Return the listing in full. Keep each line exactly as it is.
Information provided section start
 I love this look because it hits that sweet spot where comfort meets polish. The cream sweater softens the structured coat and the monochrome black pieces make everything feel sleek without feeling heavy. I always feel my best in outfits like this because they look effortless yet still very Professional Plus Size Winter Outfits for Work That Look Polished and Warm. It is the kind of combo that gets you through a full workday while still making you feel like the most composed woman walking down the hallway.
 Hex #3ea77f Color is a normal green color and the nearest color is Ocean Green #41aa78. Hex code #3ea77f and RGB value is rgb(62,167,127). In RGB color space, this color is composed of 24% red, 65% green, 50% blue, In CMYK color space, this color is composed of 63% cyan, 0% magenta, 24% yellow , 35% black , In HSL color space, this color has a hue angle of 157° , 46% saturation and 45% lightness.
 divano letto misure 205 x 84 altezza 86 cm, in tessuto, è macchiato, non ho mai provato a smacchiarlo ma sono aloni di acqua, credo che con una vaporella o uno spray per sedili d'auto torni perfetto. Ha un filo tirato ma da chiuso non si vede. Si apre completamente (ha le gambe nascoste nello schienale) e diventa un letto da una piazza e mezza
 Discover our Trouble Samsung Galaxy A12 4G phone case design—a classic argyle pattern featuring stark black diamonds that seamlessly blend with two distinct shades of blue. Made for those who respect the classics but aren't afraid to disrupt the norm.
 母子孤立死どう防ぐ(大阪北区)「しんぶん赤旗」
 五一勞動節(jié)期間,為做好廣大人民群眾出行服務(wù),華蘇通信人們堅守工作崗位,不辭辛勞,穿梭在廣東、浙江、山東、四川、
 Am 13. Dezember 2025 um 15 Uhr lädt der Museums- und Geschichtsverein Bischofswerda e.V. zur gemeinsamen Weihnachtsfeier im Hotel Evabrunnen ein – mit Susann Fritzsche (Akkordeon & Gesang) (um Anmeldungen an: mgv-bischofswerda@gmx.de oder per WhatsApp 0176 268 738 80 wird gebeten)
Information provided section end
**Result for this task**
 I love this look because it hits that sweet spot where comfort meets polish. The cream sweater softens the structured coat and the monochrome black pieces make everything feel sleek without feeling heavy. I always feel my best in outfits like this because they look effortless yet still very Professional Plus Size Winter Outfits for Work That Look Polished and Warm. It is the kind of combo that gets you through a full workday while still making you feel like the most composed woman walking down the hallway.
 Hex #3ea77f Color is a normal green color and the nearest color is Ocean Green #41aa78. Hex code #3ea77f and RGB value is rgb(62,167,127). In RGB color space, this color is composed of 24% red, 65% green, 50% blue, In CMYK color space, this color is composed of 63% cyan, 0% magenta, 24% yellow , 35% black , In HSL color space, this color has a hue angle of 157° , 46% saturation and 45% lightness.
 divano letto misure 205 x 84 altezza 86 cm, in tessuto, è macchiato, non ho mai provato a smacchiarlo ma sono aloni di acqua, credo che con una vaporella o uno spray per sedili d'auto torni perfetto. Ha un filo tirato ma da chiuso non si vede. Si apre completamente (ha le gambe nascoste nello schienale) e diventa un letto da una piazza e mezza
 Discover our Trouble Samsung Galaxy A12 4G phone case design—a classic argyle pattern featuring stark black diamonds that seamlessly blend with two distinct shades of blue. Made for those who respect the classics but aren't afraid to disrupt the norm.
 母子孤立死どう防ぐ(大阪北区)「しんぶん赤旗」
 五一勞動節(jié)期間,為做好廣大人民群眾出行服務(wù),華蘇通信人們堅守工作崗位,不辭辛勞,穿梭在廣東、浙江、山東、四川、
 Am 13. Dezember 2025 um 15 Uhr lädt der Museums- und Geschichtsverein Bischofswerda e.V. zur gemeinsamen Weihnachtsfeier im Hotel Evabrunnen ein – mit Susann Fritzsche (Akkordeon & Gesang) (um Anmeldungen an: mgv-bischofswerda@gmx.de oder per WhatsApp 0176 268 738 80 wird gebeten)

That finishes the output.